### ACTIVITY
Would you transcribe the records below from the line with "La pelote Andeline" to the line with "ونؤمن بأنَّ ملك", ends included, exactly and with nothing more, leaving the pictures out?

### DATA EXTRACTS
_ _ _ _

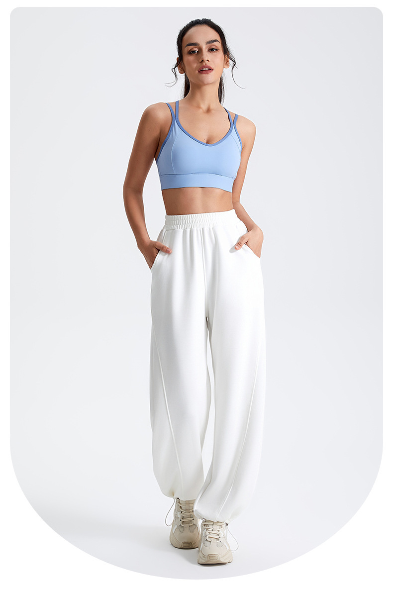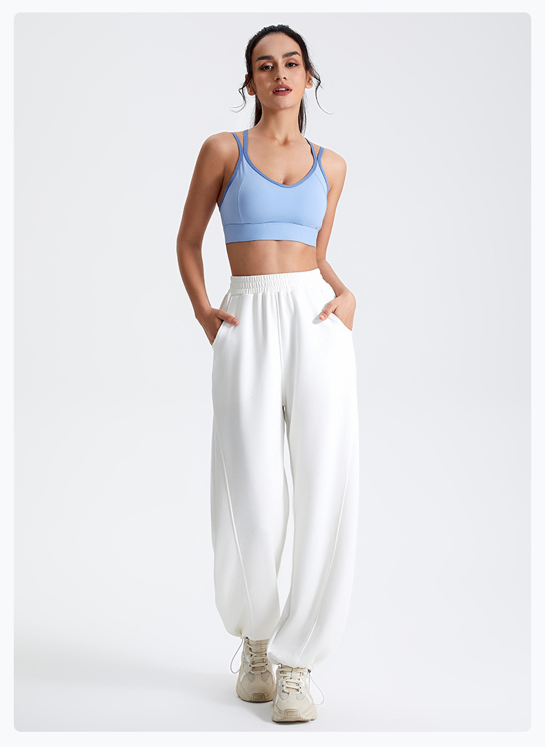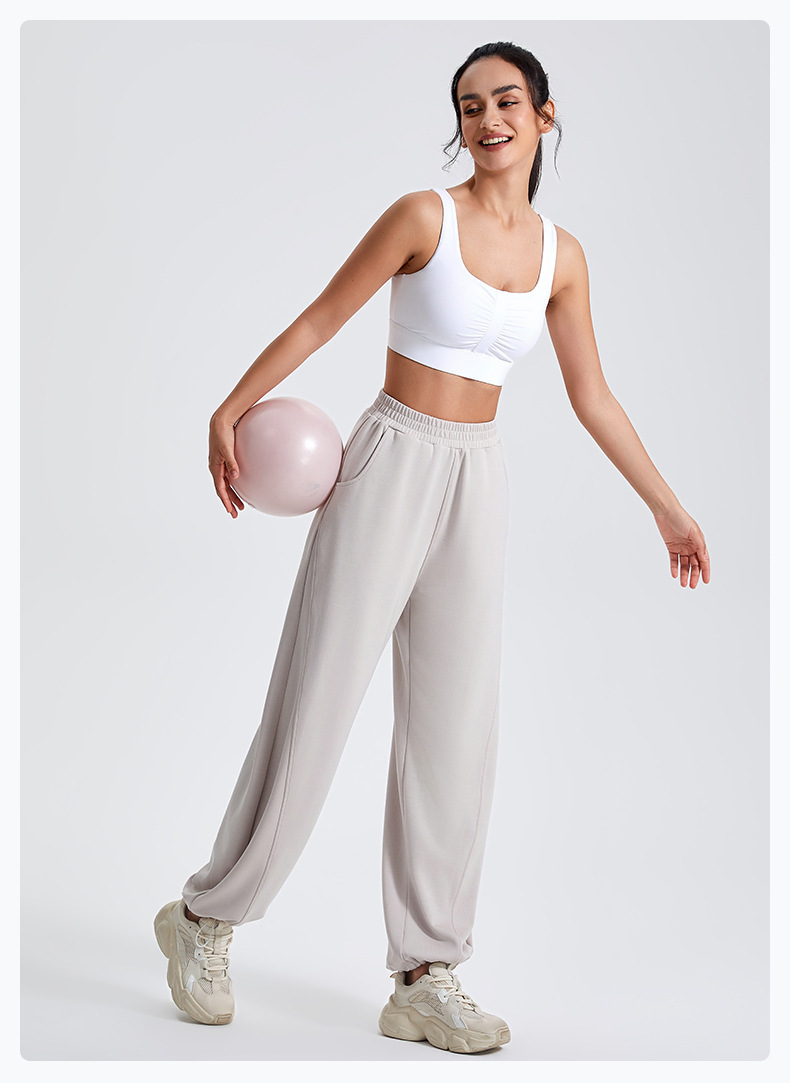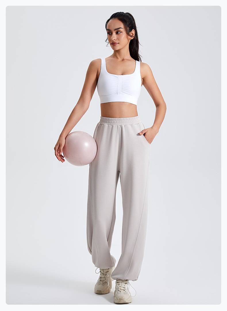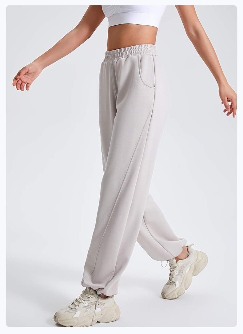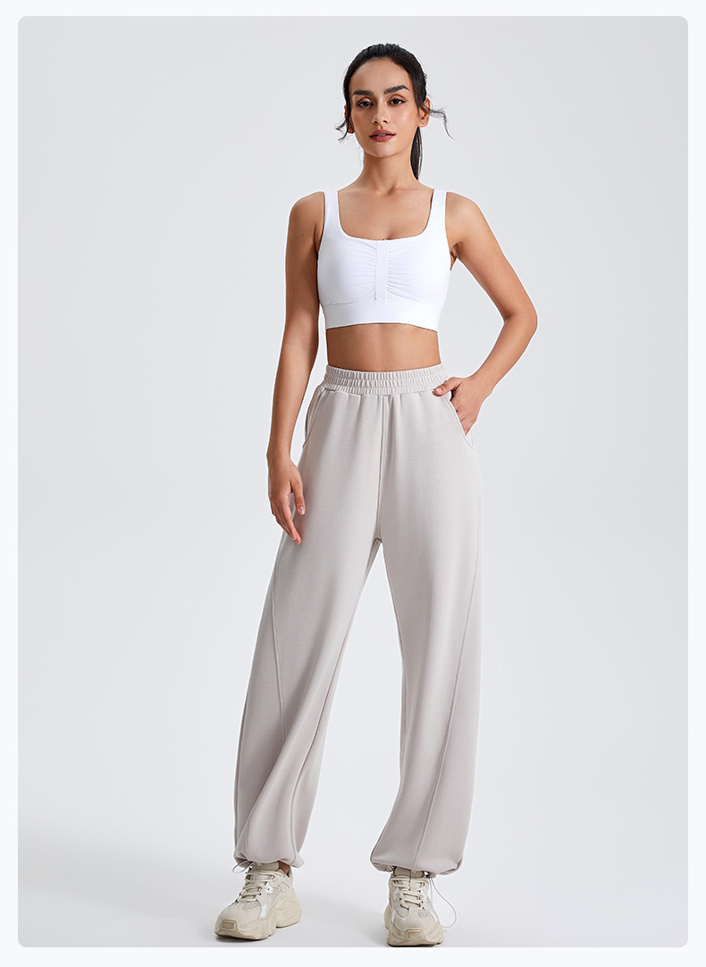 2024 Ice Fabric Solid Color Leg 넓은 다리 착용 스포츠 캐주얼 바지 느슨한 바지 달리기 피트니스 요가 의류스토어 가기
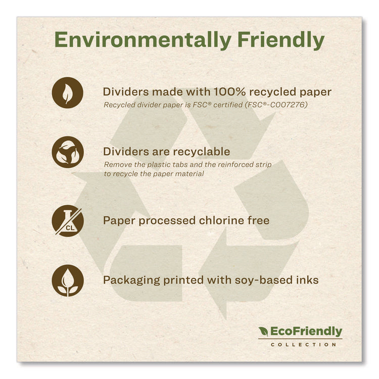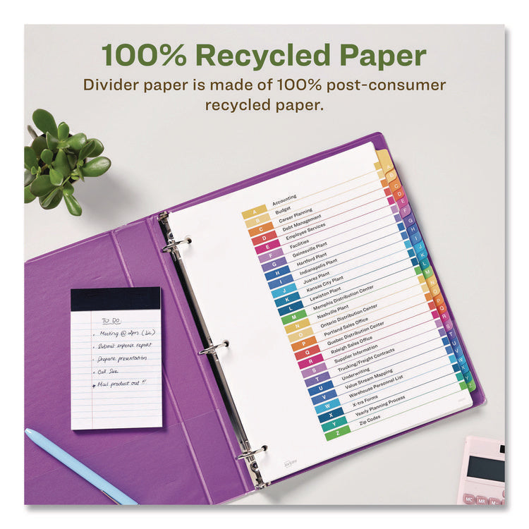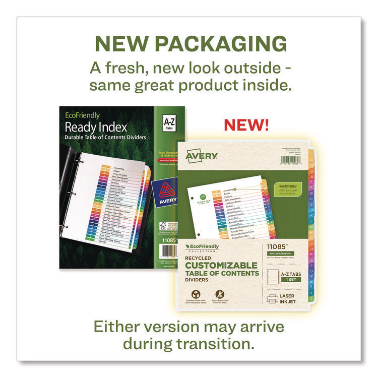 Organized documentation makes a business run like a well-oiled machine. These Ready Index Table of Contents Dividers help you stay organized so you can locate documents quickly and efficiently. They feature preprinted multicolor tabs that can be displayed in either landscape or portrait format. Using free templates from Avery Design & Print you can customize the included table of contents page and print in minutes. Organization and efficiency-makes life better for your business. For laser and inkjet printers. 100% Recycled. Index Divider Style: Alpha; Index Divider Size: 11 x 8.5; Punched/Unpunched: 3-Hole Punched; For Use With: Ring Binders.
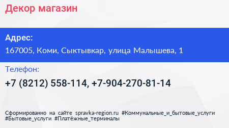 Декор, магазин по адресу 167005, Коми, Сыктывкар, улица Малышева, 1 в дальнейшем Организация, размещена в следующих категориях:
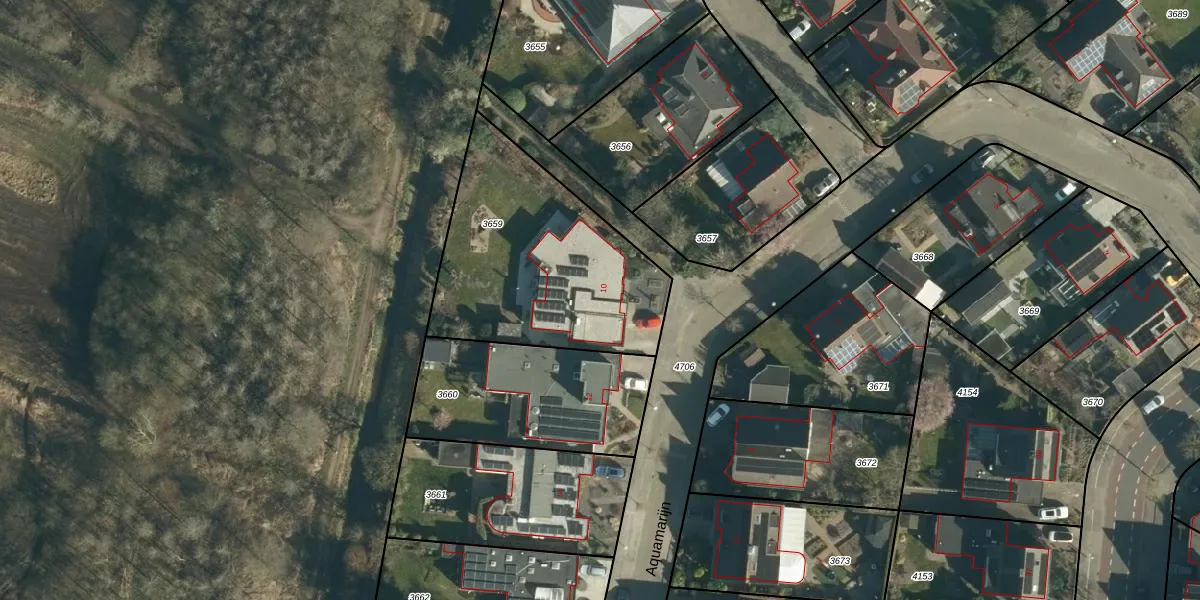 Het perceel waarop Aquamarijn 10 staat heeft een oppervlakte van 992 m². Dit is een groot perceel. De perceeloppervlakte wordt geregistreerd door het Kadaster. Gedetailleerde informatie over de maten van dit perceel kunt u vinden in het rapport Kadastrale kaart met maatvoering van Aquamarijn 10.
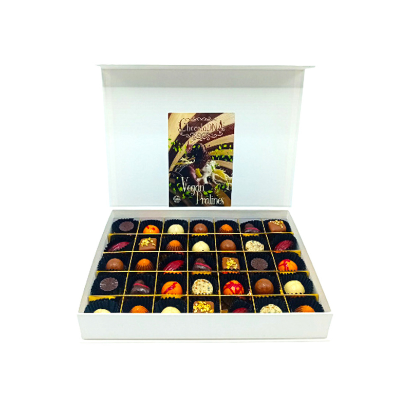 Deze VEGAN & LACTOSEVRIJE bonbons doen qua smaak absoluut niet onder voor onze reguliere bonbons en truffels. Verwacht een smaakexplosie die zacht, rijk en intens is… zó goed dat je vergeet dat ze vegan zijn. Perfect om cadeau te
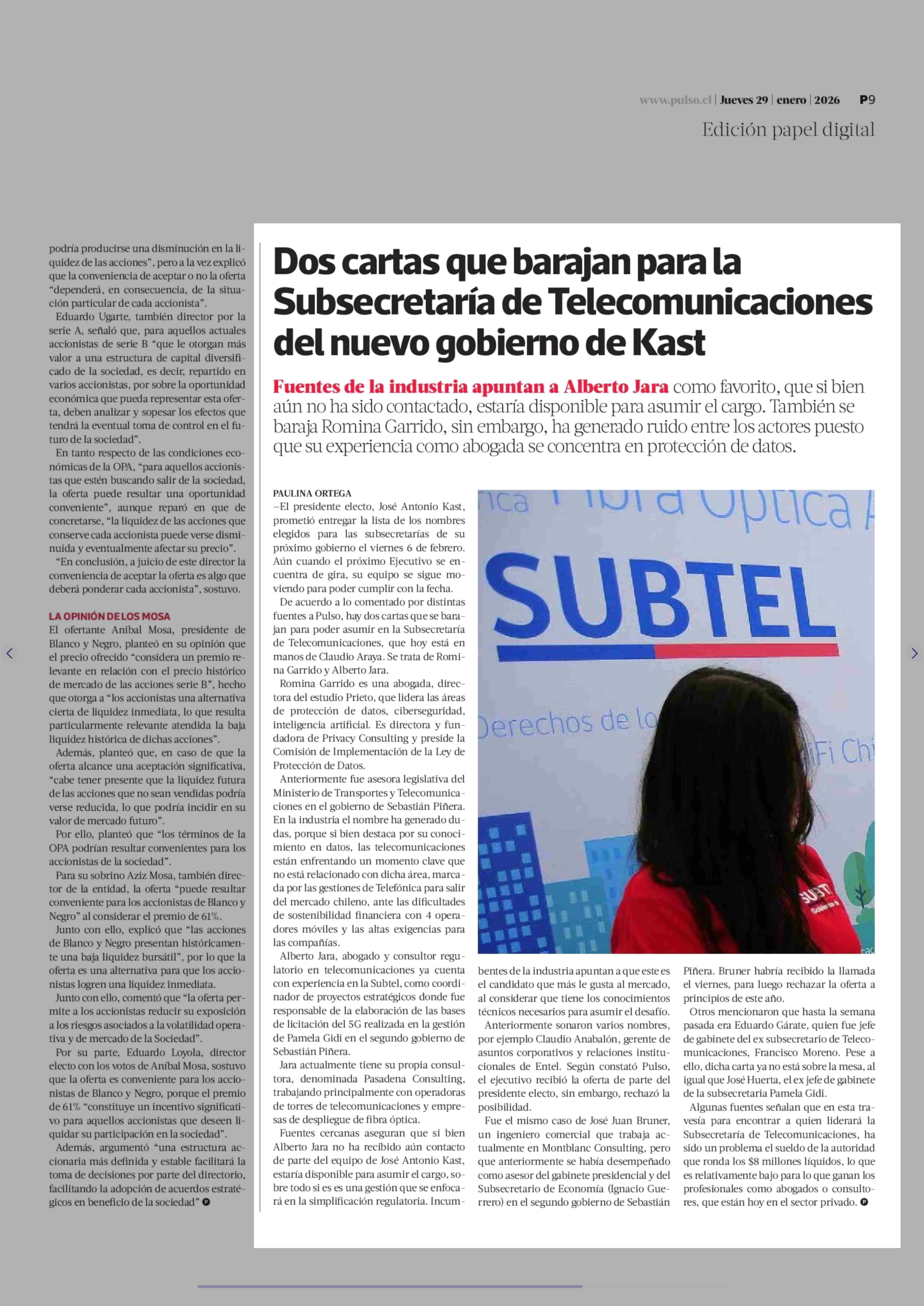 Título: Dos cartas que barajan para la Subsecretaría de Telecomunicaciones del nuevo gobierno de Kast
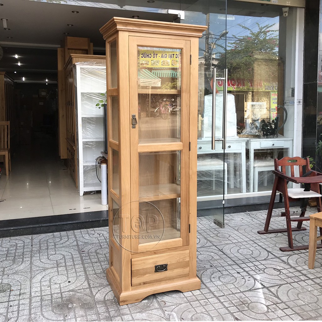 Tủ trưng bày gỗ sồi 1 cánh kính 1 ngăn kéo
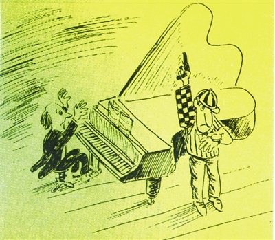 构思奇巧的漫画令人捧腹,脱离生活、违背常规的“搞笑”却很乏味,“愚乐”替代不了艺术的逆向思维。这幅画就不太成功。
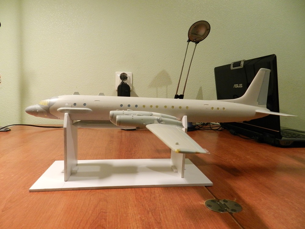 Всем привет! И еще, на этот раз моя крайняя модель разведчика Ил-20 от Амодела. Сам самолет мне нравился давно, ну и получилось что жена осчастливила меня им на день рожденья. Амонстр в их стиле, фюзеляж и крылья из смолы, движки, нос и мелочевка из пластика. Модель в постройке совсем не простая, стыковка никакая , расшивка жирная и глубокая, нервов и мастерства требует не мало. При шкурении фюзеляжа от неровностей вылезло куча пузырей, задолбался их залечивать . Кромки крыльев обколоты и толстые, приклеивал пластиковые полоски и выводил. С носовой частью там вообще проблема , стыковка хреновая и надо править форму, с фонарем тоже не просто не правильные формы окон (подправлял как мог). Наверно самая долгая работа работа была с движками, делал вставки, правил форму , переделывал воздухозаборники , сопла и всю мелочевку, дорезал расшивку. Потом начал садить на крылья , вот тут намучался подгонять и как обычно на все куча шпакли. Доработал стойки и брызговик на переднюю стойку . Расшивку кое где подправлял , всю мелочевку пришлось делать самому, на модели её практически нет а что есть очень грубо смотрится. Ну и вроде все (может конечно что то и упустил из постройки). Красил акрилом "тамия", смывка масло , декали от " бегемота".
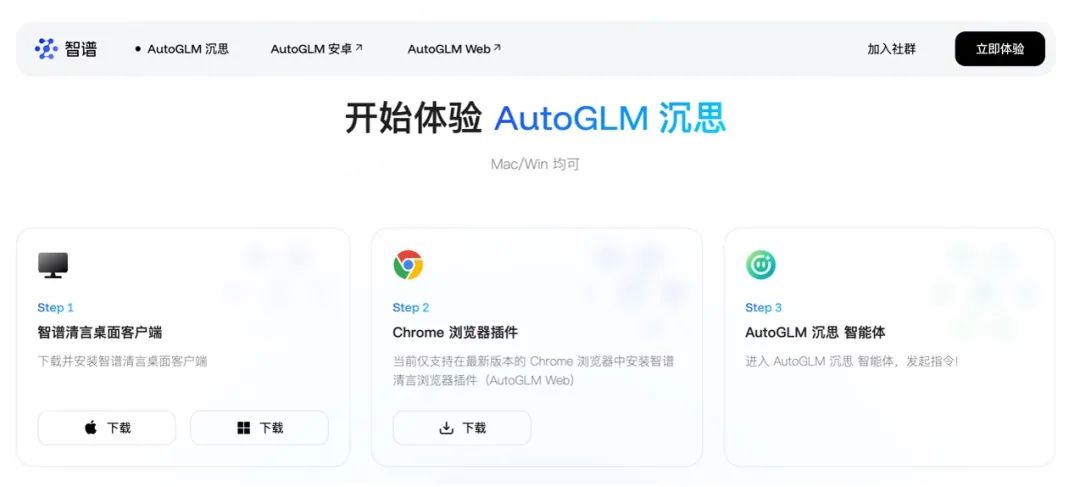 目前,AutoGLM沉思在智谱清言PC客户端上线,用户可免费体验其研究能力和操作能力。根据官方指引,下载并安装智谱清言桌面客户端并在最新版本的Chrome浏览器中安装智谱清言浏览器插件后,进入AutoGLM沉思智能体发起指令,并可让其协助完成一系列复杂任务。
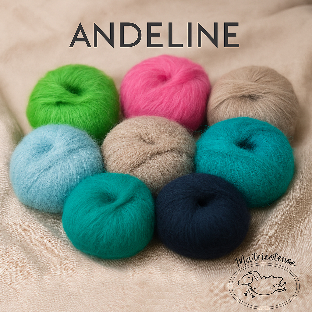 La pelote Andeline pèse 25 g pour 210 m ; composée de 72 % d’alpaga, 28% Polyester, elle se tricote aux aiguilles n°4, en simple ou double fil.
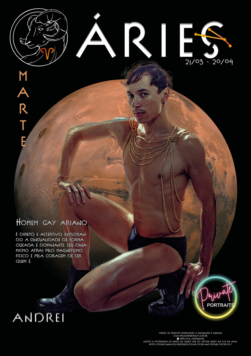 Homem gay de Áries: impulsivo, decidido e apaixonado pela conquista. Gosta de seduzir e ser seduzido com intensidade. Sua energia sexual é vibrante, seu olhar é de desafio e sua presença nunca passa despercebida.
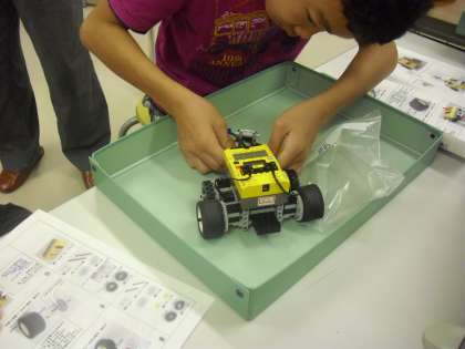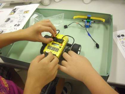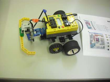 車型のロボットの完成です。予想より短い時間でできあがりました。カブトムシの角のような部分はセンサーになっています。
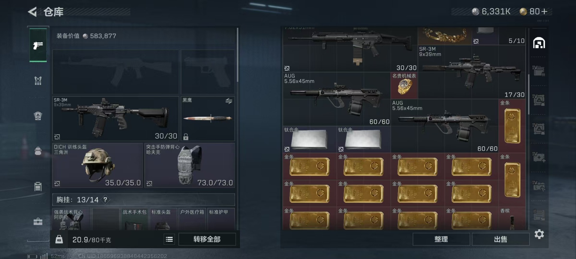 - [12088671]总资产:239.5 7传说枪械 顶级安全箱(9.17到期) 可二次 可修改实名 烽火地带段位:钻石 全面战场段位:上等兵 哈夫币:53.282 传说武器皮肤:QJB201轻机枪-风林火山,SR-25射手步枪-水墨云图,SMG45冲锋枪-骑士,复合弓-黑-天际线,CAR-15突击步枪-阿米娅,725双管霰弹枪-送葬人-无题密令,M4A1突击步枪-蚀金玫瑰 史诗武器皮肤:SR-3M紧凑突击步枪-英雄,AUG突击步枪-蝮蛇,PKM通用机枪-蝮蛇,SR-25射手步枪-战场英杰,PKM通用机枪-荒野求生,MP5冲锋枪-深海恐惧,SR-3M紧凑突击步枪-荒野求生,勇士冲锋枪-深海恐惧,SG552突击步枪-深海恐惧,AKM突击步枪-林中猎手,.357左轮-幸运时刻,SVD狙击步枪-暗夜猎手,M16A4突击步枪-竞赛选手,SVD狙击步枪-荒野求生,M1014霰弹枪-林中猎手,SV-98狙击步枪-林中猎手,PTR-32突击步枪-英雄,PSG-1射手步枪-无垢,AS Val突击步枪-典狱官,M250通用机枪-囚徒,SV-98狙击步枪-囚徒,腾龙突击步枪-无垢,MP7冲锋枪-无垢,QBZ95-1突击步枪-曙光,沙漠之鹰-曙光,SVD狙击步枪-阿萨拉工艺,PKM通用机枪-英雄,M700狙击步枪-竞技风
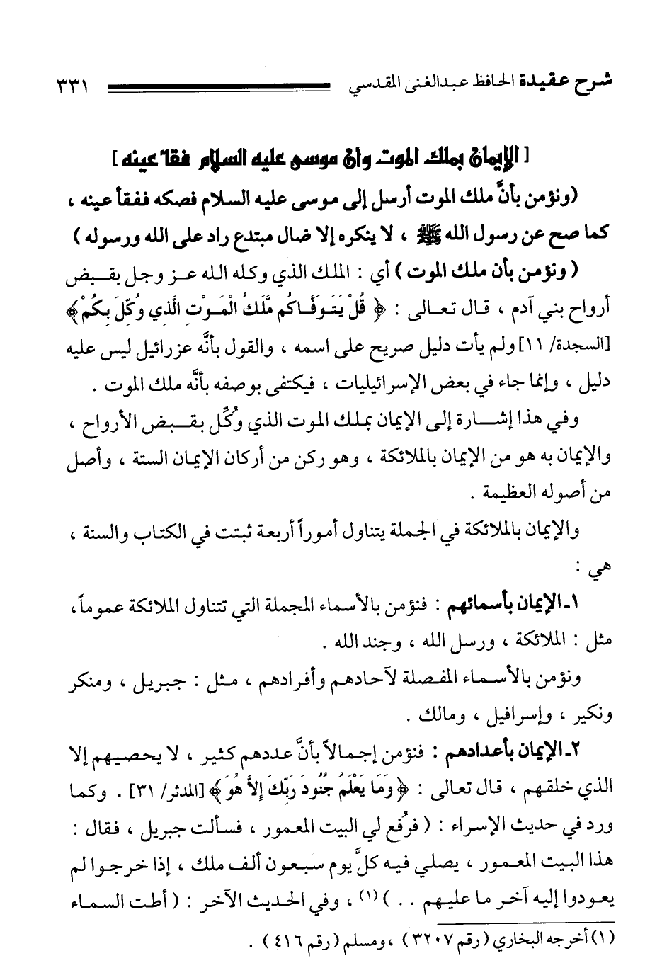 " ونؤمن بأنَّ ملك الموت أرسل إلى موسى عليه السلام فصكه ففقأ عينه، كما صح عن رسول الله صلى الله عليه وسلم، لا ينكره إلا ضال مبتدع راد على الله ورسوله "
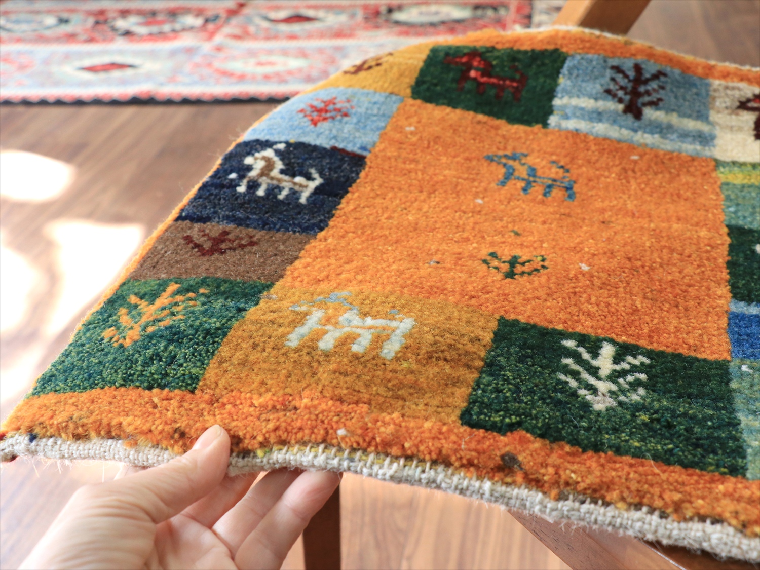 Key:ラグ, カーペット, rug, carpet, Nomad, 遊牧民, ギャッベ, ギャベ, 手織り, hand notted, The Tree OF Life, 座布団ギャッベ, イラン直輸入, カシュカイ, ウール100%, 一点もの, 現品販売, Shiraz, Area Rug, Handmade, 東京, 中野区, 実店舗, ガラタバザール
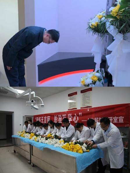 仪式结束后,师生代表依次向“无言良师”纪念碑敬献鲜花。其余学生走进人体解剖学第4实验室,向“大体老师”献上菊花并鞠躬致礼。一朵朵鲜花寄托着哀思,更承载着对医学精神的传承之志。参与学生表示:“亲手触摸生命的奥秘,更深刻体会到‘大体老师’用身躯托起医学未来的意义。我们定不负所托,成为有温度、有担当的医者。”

_ _ _ _

### SOLUTION TO THIS TASK
 La pelote Andeline pèse 25 g pour 210 m ; composée de 72 % d’alpaga, 28% Polyester, elle se tricote aux aiguilles n°4, en simple ou double fil.
 Homem gay de Áries: impulsivo, decidido e apaixonado pela conquista. Gosta de seduzir e ser seduzido com intensidade. Sua energia sexual é vibrante, seu olhar é de desafio e sua presença nunca passa despercebida.
 車型のロボットの完成です。予想より短い時間でできあがりました。カブトムシの角のような部分はセンサーになっています。
 - [12088671]总资产:239.5 7传说枪械 顶级安全箱(9.17到期) 可二次 可修改实名 烽火地带段位:钻石 全面战场段位:上等兵 哈夫币:53.282 传说武器皮肤:QJB201轻机枪-风林火山,SR-25射手步枪-水墨云图,SMG45冲锋枪-骑士,复合弓-黑-天际线,CAR-15突击步枪-阿米娅,725双管霰弹枪-送葬人-无题密令,M4A1突击步枪-蚀金玫瑰 史诗武器皮肤:SR-3M紧凑突击步枪-英雄,AUG突击步枪-蝮蛇,PKM通用机枪-蝮蛇,SR-25射手步枪-战场英杰,PKM通用机枪-荒野求生,MP5冲锋枪-深海恐惧,SR-3M紧凑突击步枪-荒野求生,勇士冲锋枪-深海恐惧,SG552突击步枪-深海恐惧,AKM突击步枪-林中猎手,.357左轮-幸运时刻,SVD狙击步枪-暗夜猎手,M16A4突击步枪-竞赛选手,SVD狙击步枪-荒野求生,M1014霰弹枪-林中猎手,SV-98狙击步枪-林中猎手,PTR-32突击步枪-英雄,PSG-1射手步枪-无垢,AS Val突击步枪-典狱官,M250通用机枪-囚徒,SV-98狙击步枪-囚徒,腾龙突击步枪-无垢,MP7冲锋枪-无垢,QBZ95-1突击步枪-曙光,沙漠之鹰-曙光,SVD狙击步枪-阿萨拉工艺,PKM通用机枪-英雄,M700狙击步枪-竞技风
 " ونؤمن بأنَّ ملك الموت أرسل إلى موسى عليه السلام فصكه ففقأ عينه، كما صح عن رسول الله صلى الله عليه وسلم، لا ينكره إلا ضال مبتدع راد على الله ورسوله "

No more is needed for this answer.